Tunable End-product Selectivity during NO3 Reduction via RuxPd100−xNPs

 • Small, 2024
Herein, aqueous nitrate (NO3) reduction is used to explore the composition-selectivity relationship of randomly alloyed ruthenium-palladium nanoparticle catalysts to provide insights into the factors that control selectivity during catalytic hydrogenation. NO3 reduction proceeds through nitrite (NO2) and then nitric oxide (NO), before diverging to form N2 gas or ammonium (NH4+). Experimental results demonstrate that end-product selectivity is dependent on both starting reagent (e.g., NO3, NO2, or NO) and catalyst composition. These results were paired with density functional theory calculations to show that end-product is controlled through a combination of the thermodynamics of the competing reduction pathways and the binding energies of initial competing species.

PdAg catalysts

Alloyed PdxAg100−xNPs as Catalysts for Nitrite Removal

 • ACS Catalysis, 2020
Alloys consisting of hydrogenation-active metals (e.g., Pd) and non-active metals (e.g., Au, Ag, Cu) can display enhanced reactivities due to ligand and ensemble effects between the metal atoms. Combining Pd with less expensive metals, such as Ag, also provides an attractive route for lowering catalyst cost. Herein, the effect of alloy composition (the value of x) on catalyst activity for the reduction of aqueous-phase nitrite (NO2) was investigated. Results showed that Pd-rich particles (i.e., high values of x) showed the highest activity for NO2 conversion, though all alloys provided enhanced cost-normalized activities when compared to monometallic Pd.
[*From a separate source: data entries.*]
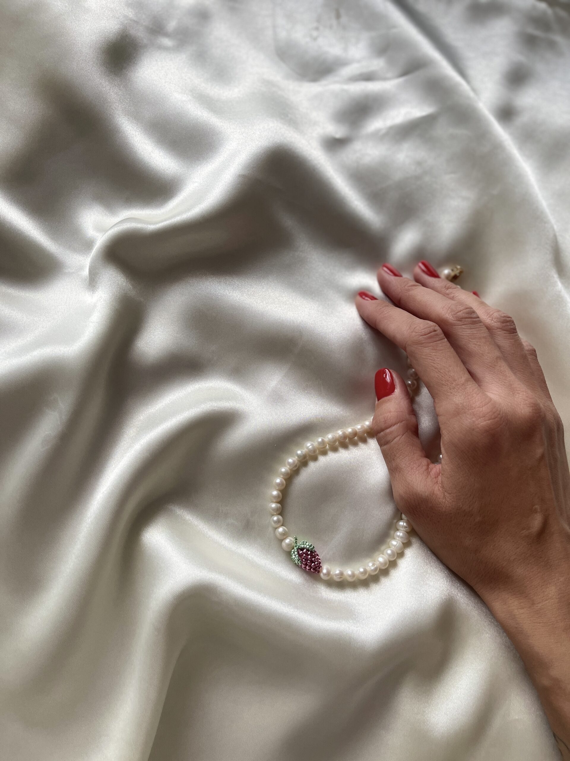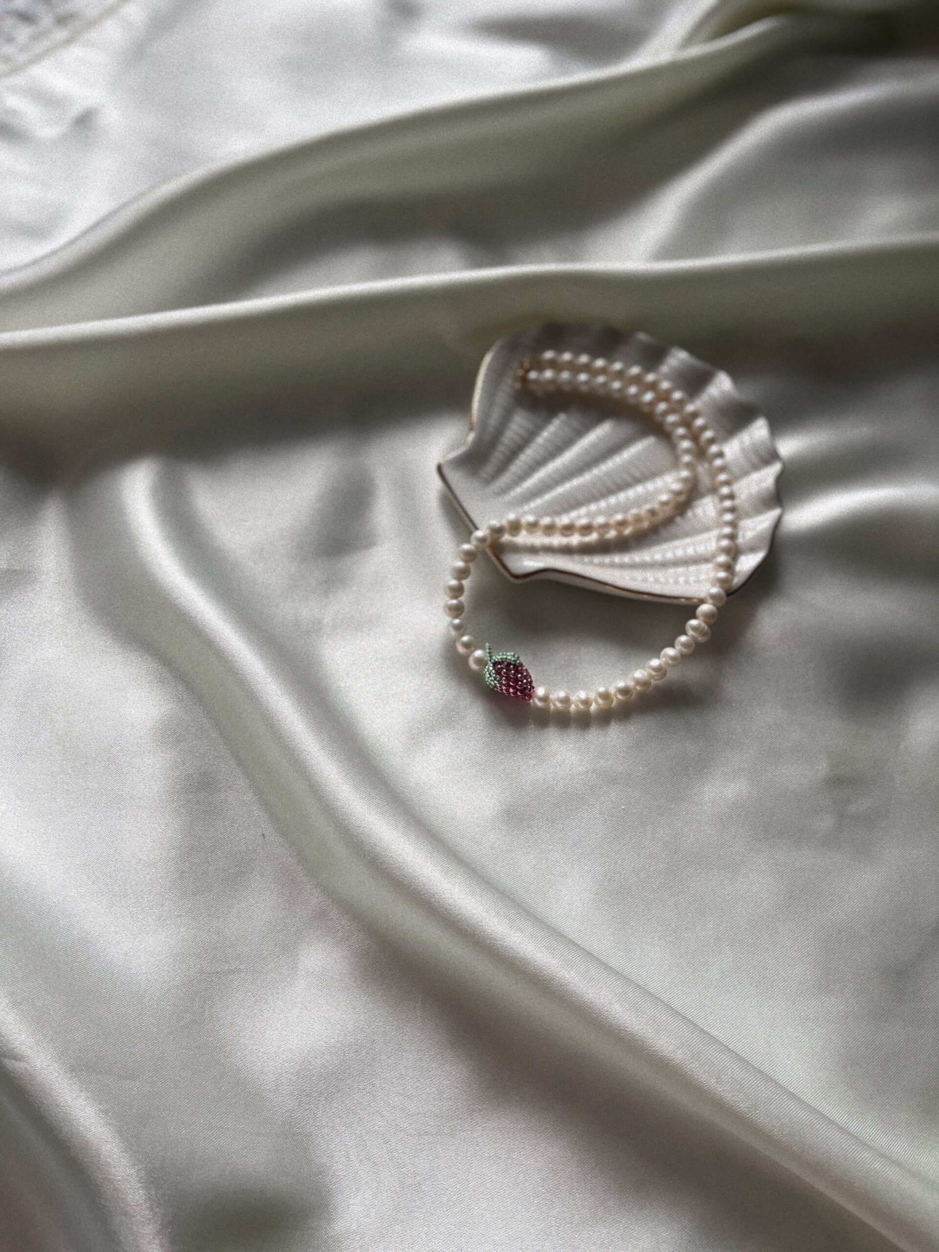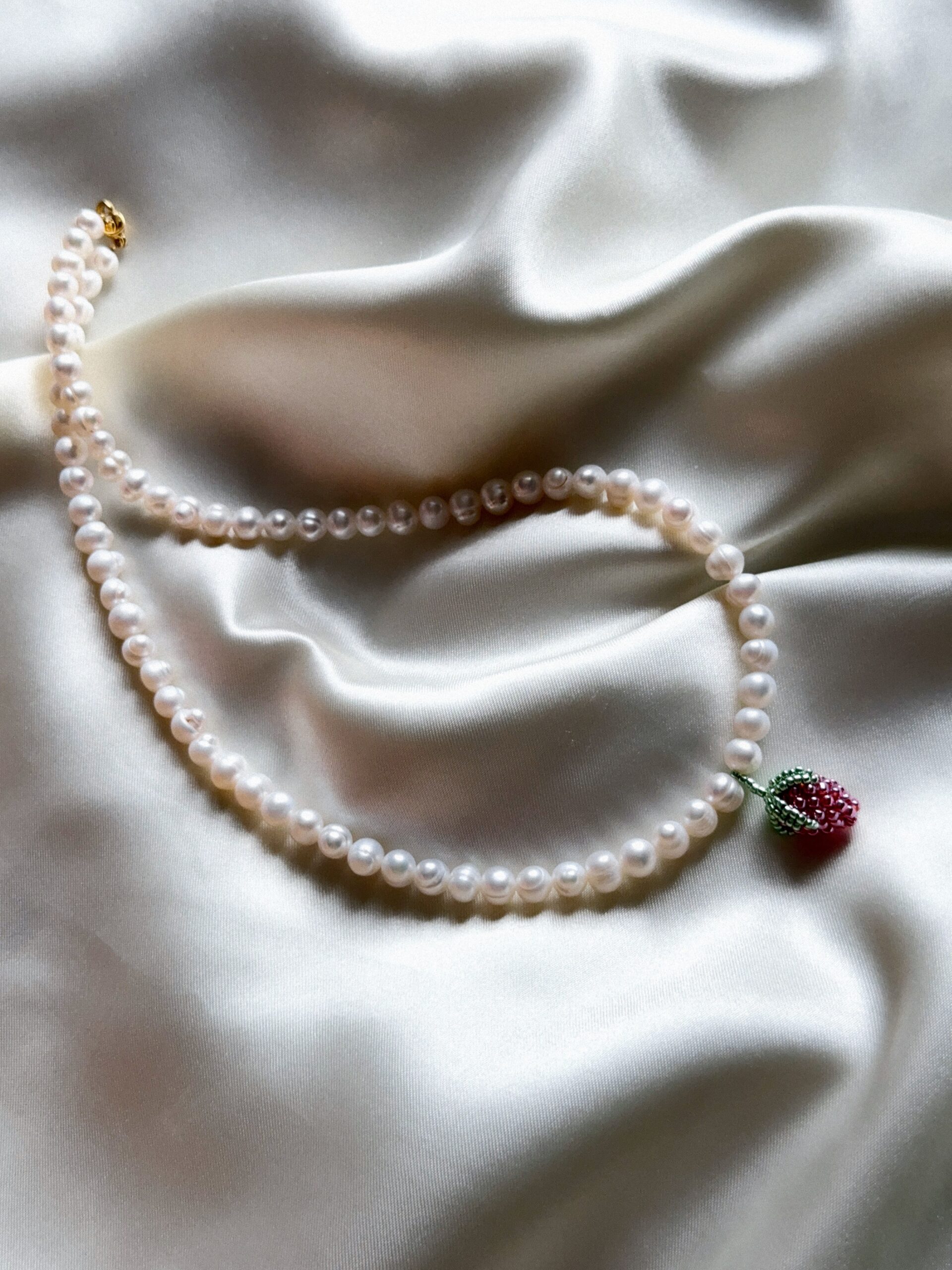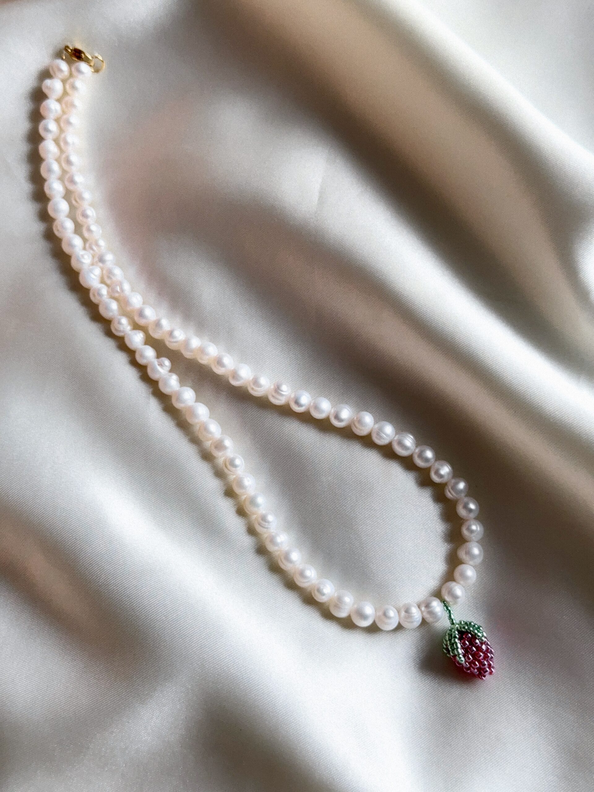 Ręcznie robiony naszyjnik z naturalnych pereł o średniej wielkości, wykończony efektowną zawieszką w kształcie metalicznej maliny. To subtelne, ale wyróżniające się połączenie klasyki z owocowym akcentem. Lśniące perły nadają całości elegancji, a malinka w metalicznym kolorze przyciąga wzrok i dodaje biżuterii niepowtarzalnego charakteru.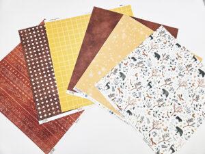 Les papiers aux tons bruns, cuivrés et bleu nuit rappellent la chaleur d’un chocolat chaud au coin du feu, tandis que les motifs forêt (ours, cerfs, renards) nous plongent dans un univers doux et réconfortant.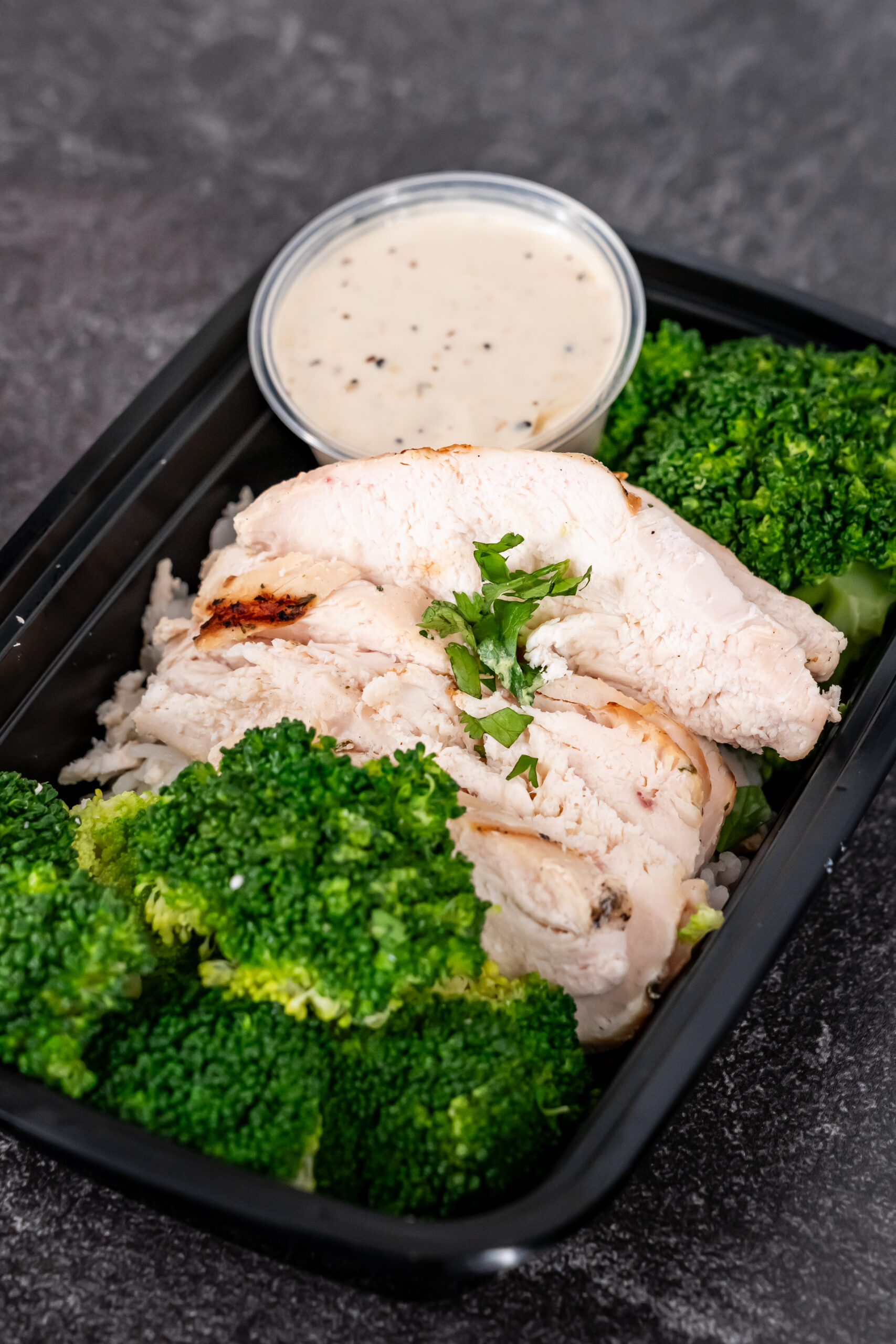 CHICKEN SERVED WITH BROCCOLI, CRISPY CHICKPEAS, RICE, AND A YUMMY CAESAR DRESSING 🍽🔥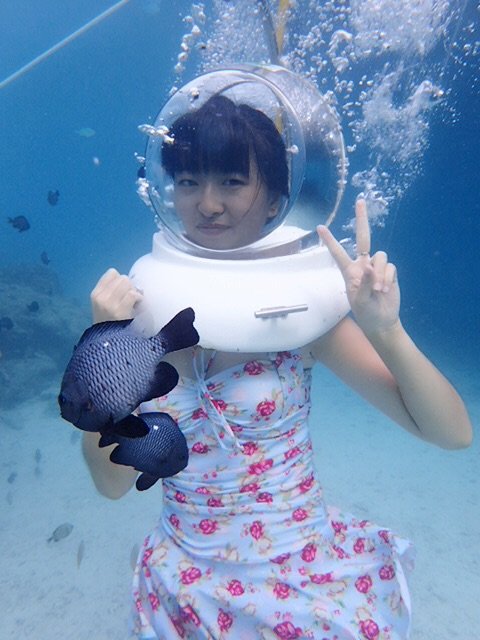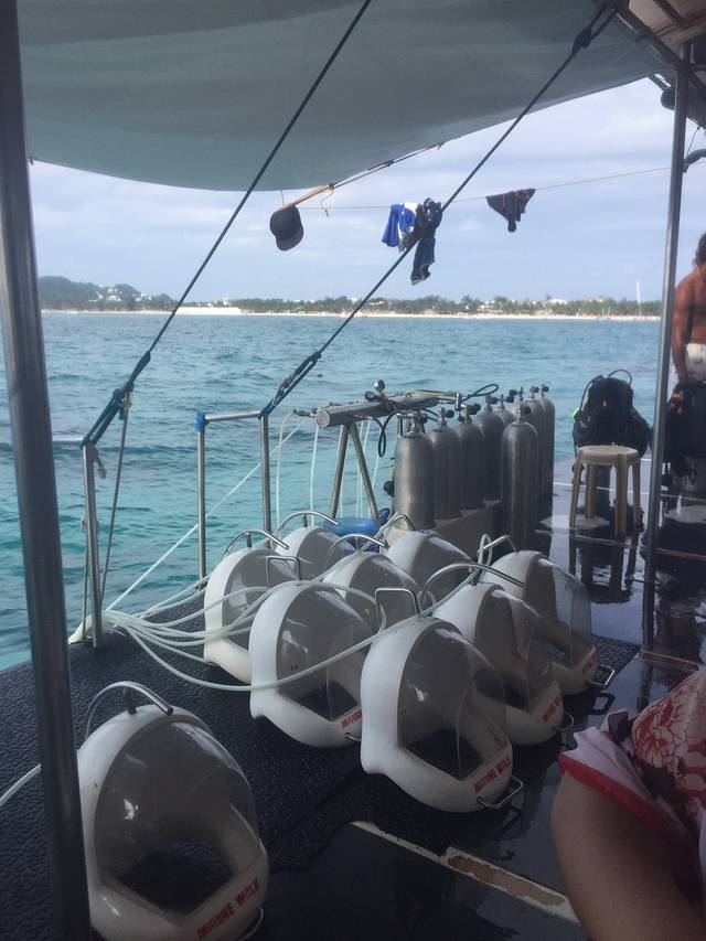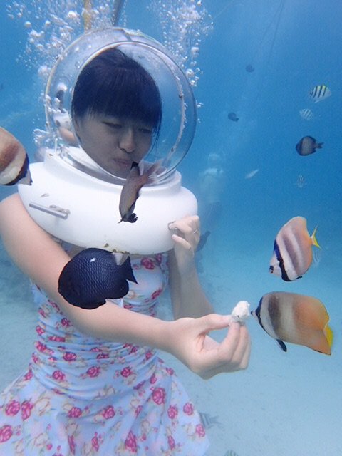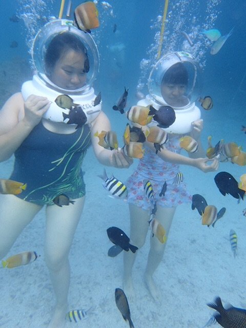 海底漫步之前有些小紧张,但是完全没事哦,非常棒,很惊喜,在下去之前工作人员会给你讲一些注意事项,一个是提醒在水下不要游泳,保持站立姿势,还有就是水下耳朵压力,两个方法一个是咽口水,一个是手捏住鼻子👃🏻往外喷气可以立刻打通耳膜,很管用,这个头盔非常沉,不过在水里就没事啦,头完全不会挨到水,头盔里打上氧气,非常自如,在水里会有人给你面包🍞,好多小鱼就游过来啦,会有人给你拍照,等上岸刻成盘给你,价格包含在一起的,海底漫步是在海边跟小贩砍价的,最后1200P两个人成交。还算可以吧,一定要狠砍哦,决不让步,一定可以!

Density functional theory calculations revealed that ideal surface ensembles presented by alloying Pd and Ag were responsible for optimized N binding, and eventually faster reduction rates.

PdAg synthesis

Optimization of the Synthesis of Palladium–Silver Nanoparticles

Depsite the two metals being completely miscible across the range of composition, the synthesis of palladium–silver nanoparticles (PdAgNPs) has rarely been reported. Here, the synthesis of PdAgNPs via a microwave-assisted polyol method was optimized by testing various metal precursors, addition strategies, and heating times. Previously published strategies were adapted to prevent the loss of Ag by precipitation with counter ions. The synthesis method allowed for randomly alloyed particles with finely tunable compositions. Combining Pd with Ag in catalysts represents a convenient route for reducing the amount of Pd needed in catalysts, thus reducing financial and environmental costs, and microwave-based synthesis is an ideal method that can be easily scaled.